The best, though, is something called "waterboarding," which ABC's CIA sources described this way: "The prisoner is bound to an inclined board, feet raised and head slightly below the feet. Cellophane is wrapped over the prisoner's face and water is poured over him. Unavoidably, the gag reflex kicks in and a terrifying fear of drowning leads to almost instant pleas to bring the treatment to a halt."

Wednesday, in an editorial that went right to the point, the Washington Post wondered: "Are these techniques 'not torture,' as Mr. Goss claims? In fact, several of them have been practiced by repressive regimes around the world, and they once were routinely condemned by the State Department in its annual human rights reports. By insisting that they are not torture, Mr. Goss sets a new standard — both for the treatment of detainees by other governments and for the handling of captive Americans. If an American pilot is captured in the Middle East, then beaten, held naked in a cold cell and subjected to simulated drowning, will Mr. Goss say he has not been tortured?"

Does it matter?

Apparently it does to other people in the CIA. As the New York Times reported Thursday, one of the major reasons the government lessened the charges against alleged terrorist Jose Padilla — who the administration initially said plotted to set off a so-called dirty bomb inside the United States — was that the chief witnesses against him have been tortured. They are two senior two Al Qaeda leaders, Abu Zubeida and Khalid Shaikh Mohammed, currently being held in secret by the U.S. government.

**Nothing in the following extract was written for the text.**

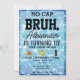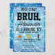 Um convite de aniversário para meninos "Bruh" usando tipografia legal. Crianças personalizadas "sem boné, pizza, natação e bolo", garotos adolescentes convidam design de aniversário para qualquer tema de festa de aniversário adolescente. Personalize este convite de aniversário "Bruh" com o seu próprio texto e faça dele o seu próprio!

According to the New York Times, the CIA inspector general found Mohammed, reputed mastermind of the 2001 attacks on the World Trade Center and Pentagon, "had been subjected to excessive use of a technique involving near drowning in the first months after his capture."

Apparently the paperwork on that never made it to Goss' desk, so he never got the opportunity to brief Cheney. Maybe when he does, he also can bring the vice president up to speed on that irritating Curveball problem.

MORE than anyone else in this administration, Cheney and Goss have rhetorically upped the ante and made clear the critical domestic issue that also is at stake in America's intensifying foreign policy debate over the Iraqi war.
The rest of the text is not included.